# Forum > MMO > ArcheAge > ArcheAge Bots and Programs >  Multiclient

## Stiz2win

Anyone have a method to be able to load two clients on one pc without a vm?

----------


## Daniel58

Hmm SandieBox maybe ?
And VMWare 100%

----------


## BcDruid

HackShield checks to make sure it's not running in a sandbox, so I'm pretty sure SandBoxie is out.

----------


## Stiz2win

Yes, confirmed sandboxie didnt work. Thanks though. I suppose i'll have to do a vm

----------


## trumbe1234

VMware also gets spotted and squashed

----------


## Xafi_AA

VMWARE dont work with me :S

----------


## archlord12345

careful with vmware, their HWID are easily spotable

----------


## Xafi_AA

Working very good

----------


## nooblordman

> Working very good


What did you change to get it to work?

----------


## Xafi_AA

edit file .vmx
monitor_control.restrict_backdoor = "TRUE"
isolation.tools.getPtrLocation.disable = "FALSE"
isolation.tools.setPtrLocation.disable = "FALSE"
isolation.tools.setVersion.disable = "FALSE" 
isolation.tools.getVersion.disable = "FALSE" 
monitor_control.disable_directexec = "TRUE"

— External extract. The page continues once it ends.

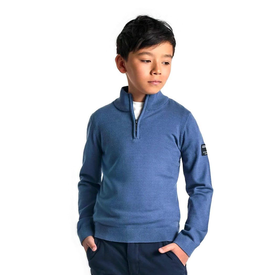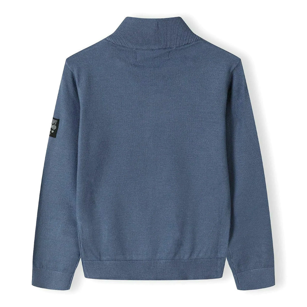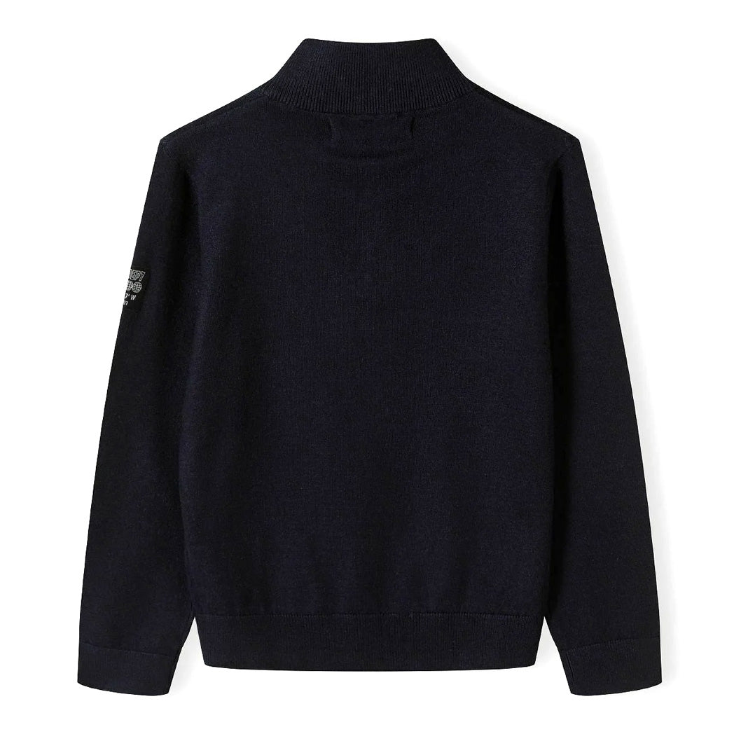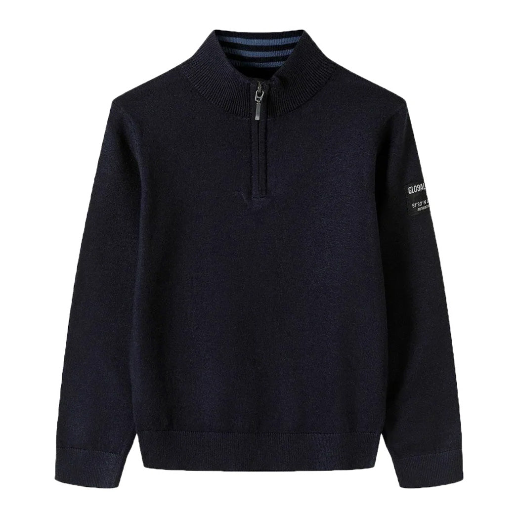 סריג דק מינוטי בנים עם תגית בשרוול ורוכסן בצווארון

and after a terminar write, REG ADD "HKEY_LOCAL_MACHINE\SYSTEM\CurrentControlSet\Control\Class\{4D36E968-E325-11CE-BFC1-08002BE10318}\0000" /v "DriverDesc" /t "REG_SZ" /d ""

and after install directx 9 and after directx11

----------


## Drogant

I tried instaling VMWare 10 and edited the steps you wrote but still when i start archeage the hackshield redirects me to web site with troubleshooting ... Any ideas what i did wrong?

----------


## GetSimple

> edit file .vmx
> monitor_control.restrict_backdoor = "TRUE"
> isolation.tools.getPtrLocation.disable = "FALSE"
> isolation.tools.setPtrLocation.disable = "FALSE"
> isolation.tools.setVersion.disable = "FALSE" 
> isolation.tools.getVersion.disable = "FALSE" 
> monitor_control.disable_directexec = "TRUE"
> 
> and after a terminar write, REG ADD "HKEY_LOCAL_MACHINE\SYSTEM\CurrentControlSet\Control\Class\{4D36E968-E325-11CE-BFC1-08002BE10318}\0000" /v "DriverDesc" /t "REG_SZ" /d ""
> ...



so vmware can be used to multiboxing archeage,,, is it possible to run 3 clients using vmware ?

----------


## GetSimple

tried everything , hackshield prevent it

----------


## Onesun

noting new?

----------


## Slangin_Games

ArcheBuddy lets you multi client on 1 pc without using VMware. ASI WIN is another choice, but it's mostly Russian program. Works though.

----------


## Garosie

You guys are kinda wrong: HackShield doesn't prevent anything.

The actual problem resides in the launch-functionality and client-client communication between Glyph and ArcheAge.exe. It is actually possible to multi-client without editting any memory in ArcheAge.exe or any other program, but in order to do that, one has first to figure out how this whole scheme works. Since I'm already far past all these steps, I'll go ahead and give out a few clues.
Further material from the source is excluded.